A faithful copy of the listing below is needed, with its pictures left out.

Start of COLLECTED DATA

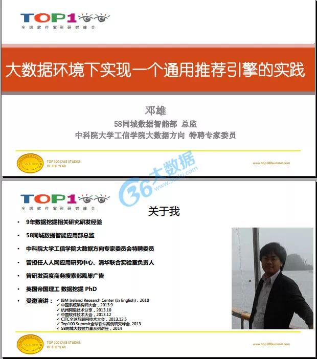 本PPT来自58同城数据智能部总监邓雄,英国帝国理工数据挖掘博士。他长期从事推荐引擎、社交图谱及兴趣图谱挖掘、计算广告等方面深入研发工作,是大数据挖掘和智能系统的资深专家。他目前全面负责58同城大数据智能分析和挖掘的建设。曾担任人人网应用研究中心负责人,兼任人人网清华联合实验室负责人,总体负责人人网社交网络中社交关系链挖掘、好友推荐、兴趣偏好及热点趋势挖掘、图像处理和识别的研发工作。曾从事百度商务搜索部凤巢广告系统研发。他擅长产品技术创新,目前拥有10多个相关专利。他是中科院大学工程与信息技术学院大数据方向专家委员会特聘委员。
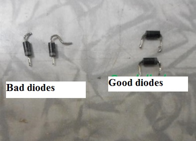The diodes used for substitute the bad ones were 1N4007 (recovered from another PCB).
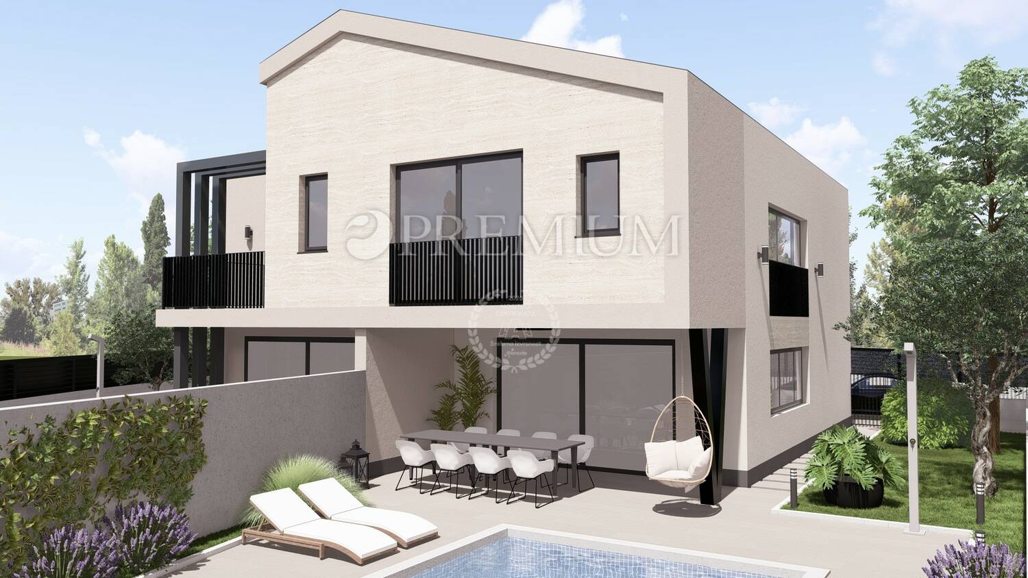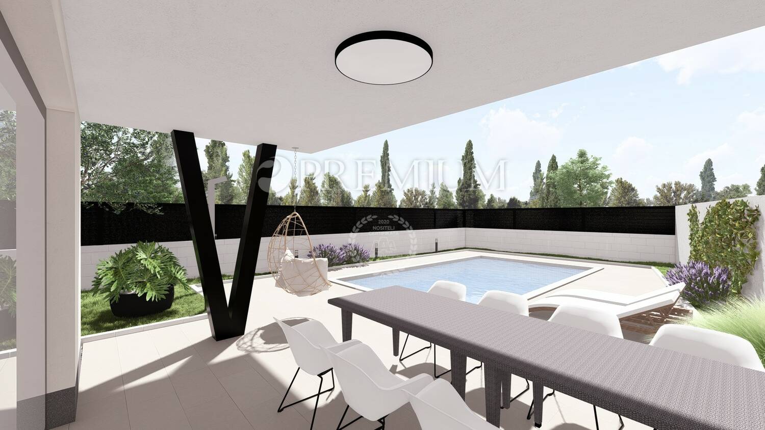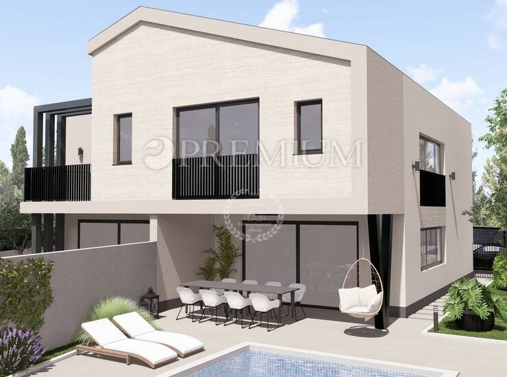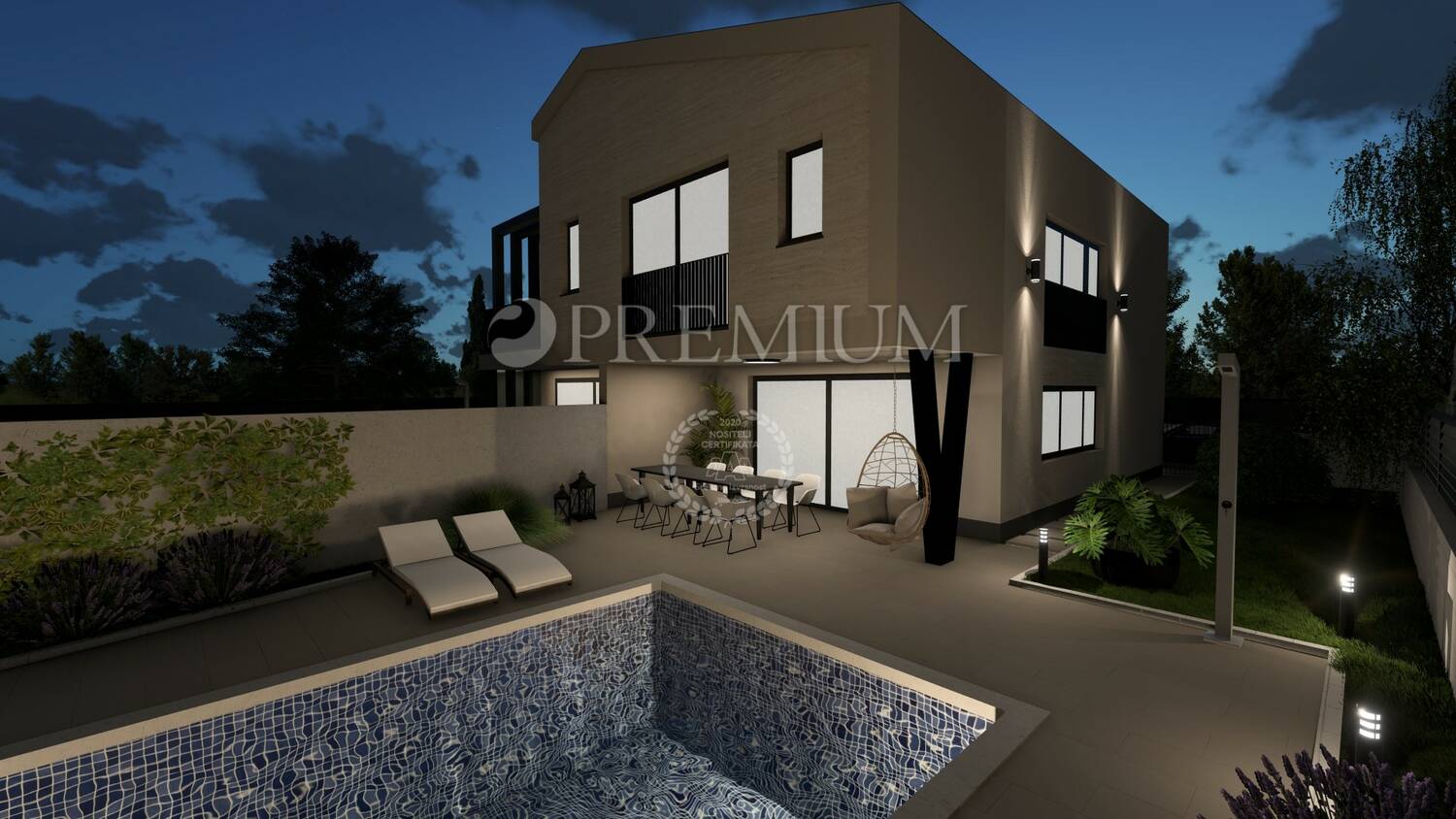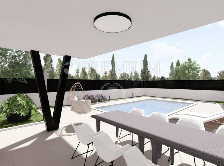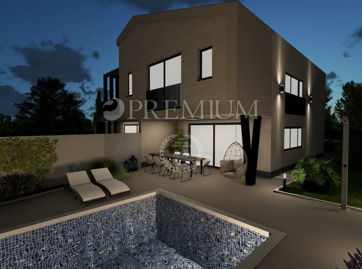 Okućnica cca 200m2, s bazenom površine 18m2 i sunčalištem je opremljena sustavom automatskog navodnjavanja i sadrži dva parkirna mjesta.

End of COLLECTED DATA

■ WRITTEN SOLUTION ■
 本PPT来自58同城数据智能部总监邓雄,英国帝国理工数据挖掘博士。他长期从事推荐引擎、社交图谱及兴趣图谱挖掘、计算广告等方面深入研发工作,是大数据挖掘和智能系统的资深专家。他目前全面负责58同城大数据智能分析和挖掘的建设。曾担任人人网应用研究中心负责人,兼任人人网清华联合实验室负责人,总体负责人人网社交网络中社交关系链挖掘、好友推荐、兴趣偏好及热点趋势挖掘、图像处理和识别的研发工作。曾从事百度商务搜索部凤巢广告系统研发。他擅长产品技术创新,目前拥有10多个相关专利。他是中科院大学工程与信息技术学院大数据方向专家委员会特聘委员。
The diodes used for substitute the bad ones were 1N4007 (recovered from another PCB).
 Okućnica cca 200m2, s bazenom površine 18m2 i sunčalištem je opremljena sustavom automatskog navodnjavanja i sadrži dva parkirna mjesta.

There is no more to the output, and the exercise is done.